**Material provided**:
######
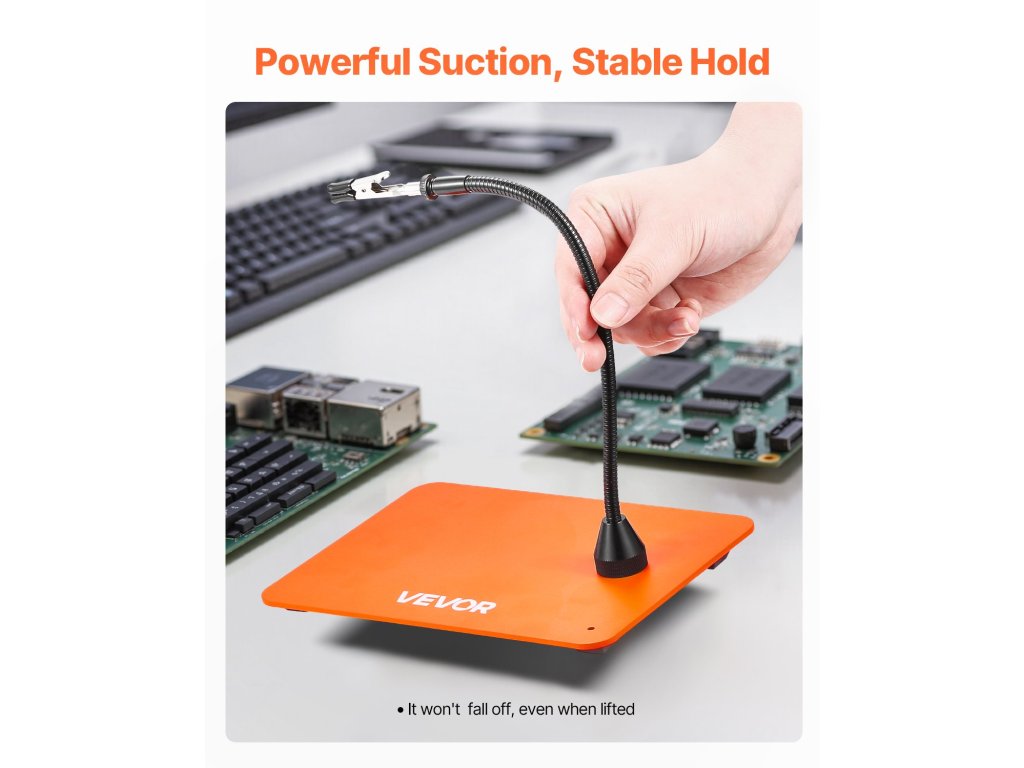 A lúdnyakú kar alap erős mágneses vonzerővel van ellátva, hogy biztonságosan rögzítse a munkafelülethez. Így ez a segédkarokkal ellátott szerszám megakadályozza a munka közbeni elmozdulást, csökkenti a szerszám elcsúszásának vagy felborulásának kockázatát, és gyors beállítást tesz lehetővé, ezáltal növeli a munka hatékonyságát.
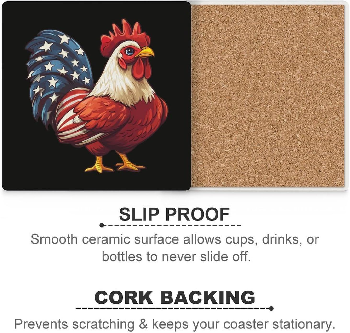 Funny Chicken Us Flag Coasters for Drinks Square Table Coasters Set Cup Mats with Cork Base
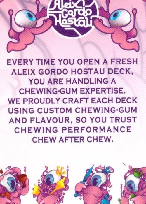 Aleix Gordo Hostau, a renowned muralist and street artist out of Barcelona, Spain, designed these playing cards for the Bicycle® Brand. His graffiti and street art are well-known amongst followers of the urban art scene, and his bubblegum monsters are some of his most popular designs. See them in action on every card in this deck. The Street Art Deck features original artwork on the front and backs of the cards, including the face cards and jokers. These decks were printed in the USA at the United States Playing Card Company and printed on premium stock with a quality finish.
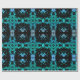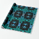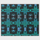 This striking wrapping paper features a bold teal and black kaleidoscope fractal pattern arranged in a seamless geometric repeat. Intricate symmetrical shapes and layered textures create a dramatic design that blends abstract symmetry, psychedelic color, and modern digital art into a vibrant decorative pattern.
######
**Work instruction**: Could you print the material above word for word and skip the images?

**Exercise answer**:
 A lúdnyakú kar alap erős mágneses vonzerővel van ellátva, hogy biztonságosan rögzítse a munkafelülethez. Így ez a segédkarokkal ellátott szerszám megakadályozza a munka közbeni elmozdulást, csökkenti a szerszám elcsúszásának vagy felborulásának kockázatát, és gyors beállítást tesz lehetővé, ezáltal növeli a munka hatékonyságát.
 Funny Chicken Us Flag Coasters for Drinks Square Table Coasters Set Cup Mats with Cork Base
 Aleix Gordo Hostau, a renowned muralist and street artist out of Barcelona, Spain, designed these playing cards for the Bicycle® Brand. His graffiti and street art are well-known amongst followers of the urban art scene, and his bubblegum monsters are some of his most popular designs. See them in action on every card in this deck. The Street Art Deck features original artwork on the front and backs of the cards, including the face cards and jokers. These decks were printed in the USA at the United States Playing Card Company and printed on premium stock with a quality finish.
 This striking wrapping paper features a bold teal and black kaleidoscope fractal pattern arranged in a seamless geometric repeat. Intricate symmetrical shapes and layered textures create a dramatic design that blends abstract symmetry, psychedelic color, and modern digital art into a vibrant decorative pattern.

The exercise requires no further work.